Но что есть Гражданин без любви? Самые безошибочные рецепты нашего будущего счастья и благополучия, которых так жаждем, опять не помогут, если мы окончательно разучимся любить друг друга, детей, стариков, свое прошлое, свои родные места, если уйдет из повседневности способность к лирическому взгляду на нее же, неустроенную и все более пугающую.
Александр Дулов — химик (по роду занятий почти физик) и тем самым, согласно знаменитому, хотя и обросшему исключениями, противопоставлению, не лирик. Он и сам никогда не считал себя «лириком» — хотя пишет песни уже более 30 лет и со времен учебы на химфаке МГУ из «безвестного автора знаменитых туристских песен» (вспомните: «Сырая тяжесть сапога...», «Заварен круто дымный чай...», «Скрипит поселок дачный...», «Три сосны», «Все болота, болота, болота...» на стихи Игоря Жданова, Льва Друскина, Владимира Павлинова, Владислава Лейкина) стал одним из самых уважаемых бардов, желанным членом жюри на московских и всесоюзных конкурсах авторской песни, автором более 200 песен, многие из которых теперь — классика этого жанра.
Впрочем, дело не в количестве: Дулов, говоря словами особо любимого им поэта Николая Гумилева, создал свой «мир из песен и огня», «меж других единый необманный». Необманность мира бардовских песен, которые в 50-х—-60-х годах помогли нравственному выживанию целого поколения теперь бесспорна. Но может показаться удивительным, что именно Дулов, почти не сочиняющий сам стихи для своих песен, являет собой тип барда, в ком творчество и личность, слово и музыка едины, нерасторжимы. А дело-то в том, что он высоко чтит поэзию, прежде всего — отечественную, хорошо ее знает и черпает из нее для своих песен лишь то, что отвечает его собственному душевному настрою и миропониманию. Музыка в песнях Александра Дулова подчинена поэзии. Он не соблазняется удачным мелодическим ходом, если тот чужд стиху. В то же время дуловские песни не являются простым переложением стихов на «музыкальный язык»: музыка, в единстве с интонацией и манерой исполнения, . помогает ему не только проявить зачастую неочевидный смысл стихотворения, но и убедительно выразить собственную позицию. Все это и придает такую цельность творчеству Дулова, неразделимость его песен на «слова» и «мелодию», как бывает обычно только у бардов-поэтов.
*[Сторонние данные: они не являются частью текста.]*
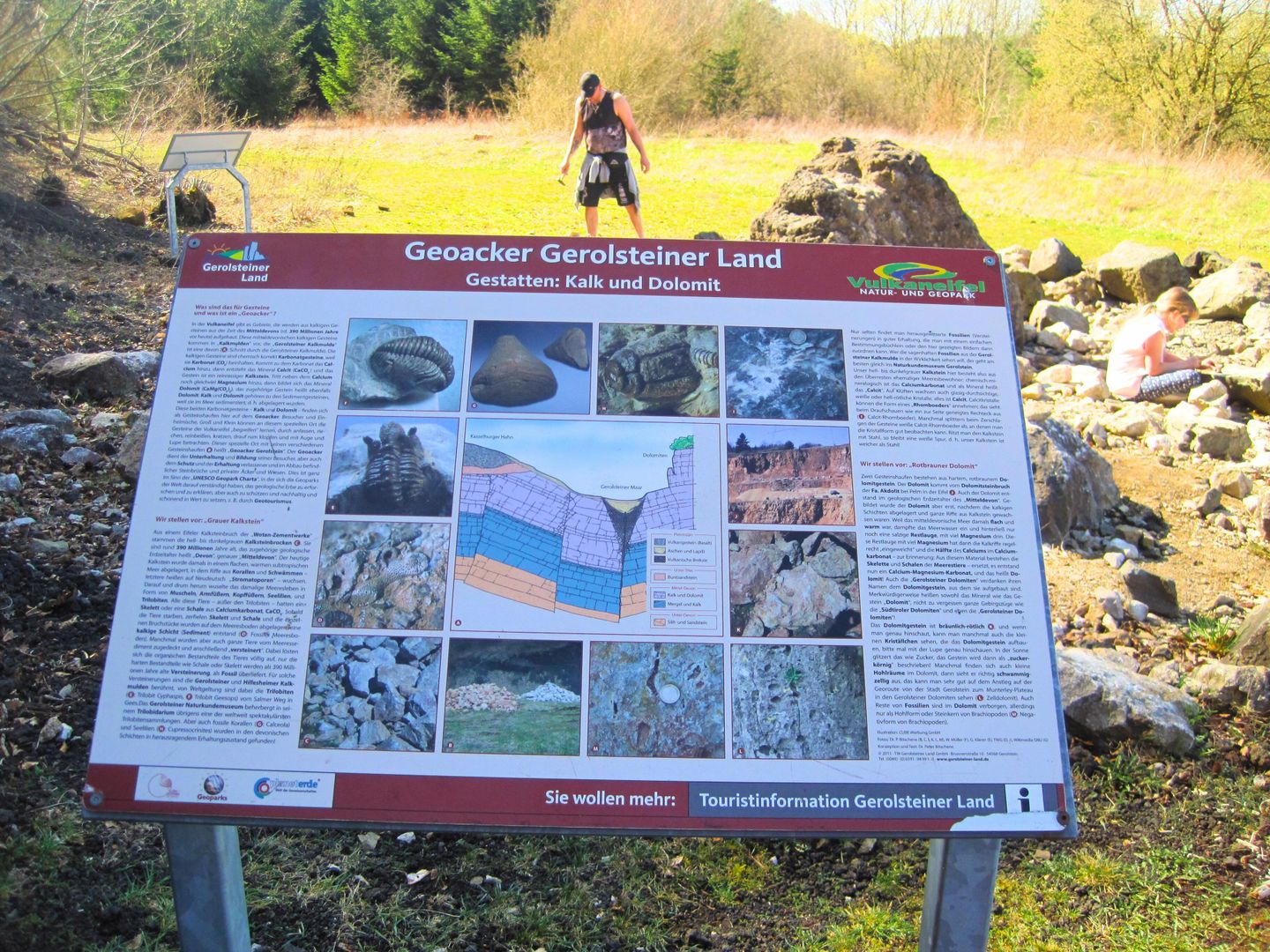 Auf dem Geoacker wurden die vier Hauptgesteinsarten der Vulkaneifel: Basalt, Kalk, Buntsandstein und Dolomit aus aktiven Steinbrüchen in der Region zusammengetragen, um Kindern hier eine Möglichkeit zu bieten, nach Herzenslust durch Hämmern, Zerbröseln und/oder Auseinanderbrechen die verschiedenen Gesteine kennenzulernen.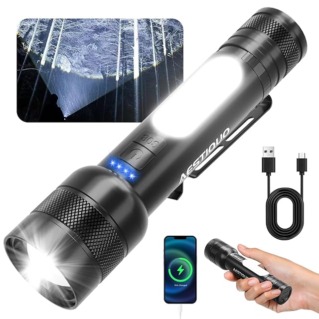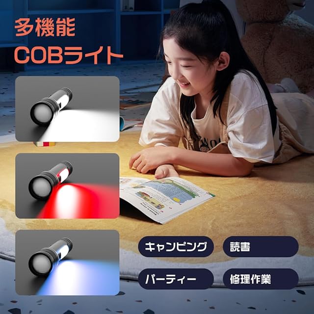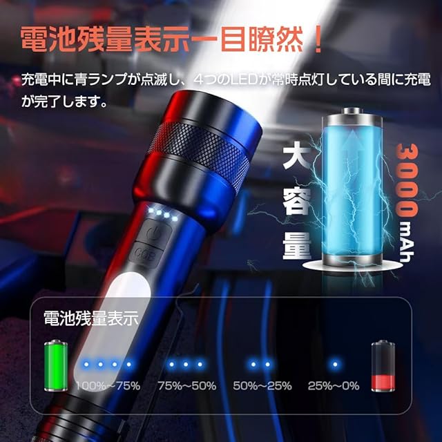 懐中電灯 強力 防災【 25000ルーメン 白色/赤色/青色のCOB作業灯付き】超高輝度 ハンディライト9モード調光 Type-C USB充電式 IP56防水防塵 軽量 小型 大容量 最強 LED 高輝度 SOS フラッシュライト ズーム式 アルミニウム合金 耐衝撃2M 新型 残量表示機能 自転車 登山 夜釣り 作業用 停電 地震 避難対策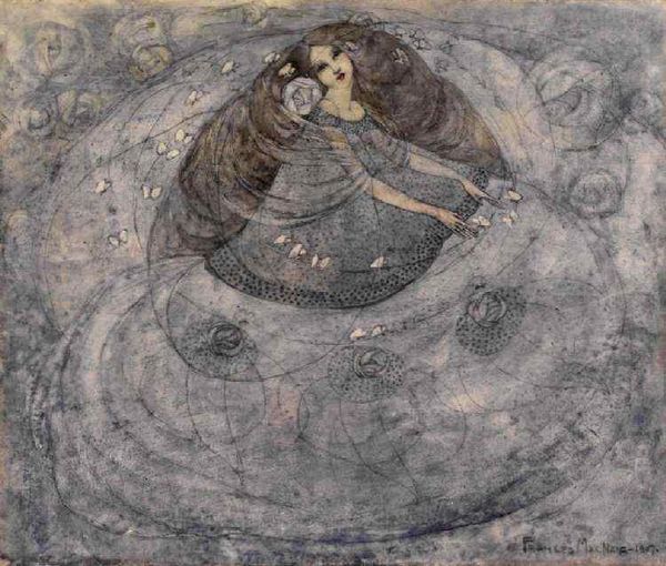 Frances Macdonald created Ophelia around 1896, using watercolor and pencil. Notice how the translucent watercolor is delicately layered, achieving a soft, ethereal quality. Macdonald’s rendering of fabric and foliage reflects the era’s fascination with naturalism, yet she avoids photo-realism, creating a dreamlike, symbolist image. Macdonald came out of the Glasgow School, which embraced all manner of making – furniture, metalwork, embroidery, and graphic design. These artists saw no hierarchy between fine and applied art, and that ethos is evident here. Her integration of meticulous drawing with flowing washes of color shows the influence of both botanical illustration and Japanese prints, traditions that were more typically associated with design and craft. Macdonald brings these influences together in a way that elevates the conventional medium of watercolor, blurring the boundaries between fine art and design. It's a testament to the value of exploring diverse materials and techniques in artistic expression.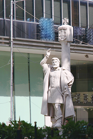舊南灣初級法院大樓對開的一個綠樹成蔭的公園內,豎了一尊葡萄牙人面貌的雕像和石柱,石柱上有葡萄牙的國徽。這雕塑的主人翁名叫歐華利/歐維士(Jorge Alvares)。此石像身長三公尺,連底座高四公尺,於1954年9月16日豎立。這座雕像是葡國雕塑家華斯創作,由葡運來澳安裝。歐華利的一生從未踏足澳門,但被稱為第一位由海路來華的歐洲人,是澳門開埠的領航人,促成了葡萄牙人發現澳門。

Главное в нем — стремление быть честным в отношениях с окружающим миром, людьми и, разумеется, с самим собой. Отсюда столь могучая гражданская струя в его творчестве. Александр Дулов кровно, болезненно неравнодушен к несправедливости и унижению человеческого достоинства, собственно, таким и должен быть художник. И как настоящий художник он преисполнен любви и сострадания к людям со всеми их слабостями и горестями. И поэтому, несмотря на то, что главным в творчестве он считает поиск Истины, Разума, Смысла, — эти, несомненно, великие,
но абстрактные категории так естественно «очеловечиваются» в прекрасной дуловской лирике, в любимых многими непритязательных вроде бы по смыслу песнях: «Ну, пожалуйста, в самолет меня возьми...», «И ни о чем наш разговор...», «Поселюсь я в Павлове-Посаде...», «Грустные мысли наводит порывистый ветер...». Лирические песни Дулова как будто просты, традиционны, но они отнюдь не примитивны. В них нет нарочитости, наигранности, рассуждений «о любви», в них — сама любовь, истинное, а потому захватывающее чувство. Оттого так легко находят эти песни отклик у самых разных людей, оттого так демократичны, легко, естественно поются. В общем-то Дулов отдал дань нашему непростому времени — сейчас он почти не пишет песен, которые смело можно было бы отнести к «чистой» лирике; даже имена поэтов, на творчестве которых основана программа его выступлений в последние годы, — Николай Гумилев, Варлам Шаламов, Анатолий Жигулин, Евгения Гинзбург—говорят об этом достаточно красноречиво. Каждый раз, слушая страшный «лагерный» цикл, зрительный зал потрясенно замирает, болезненно близко соприкоснувшись с нашим тяжким, унизительным прошлым...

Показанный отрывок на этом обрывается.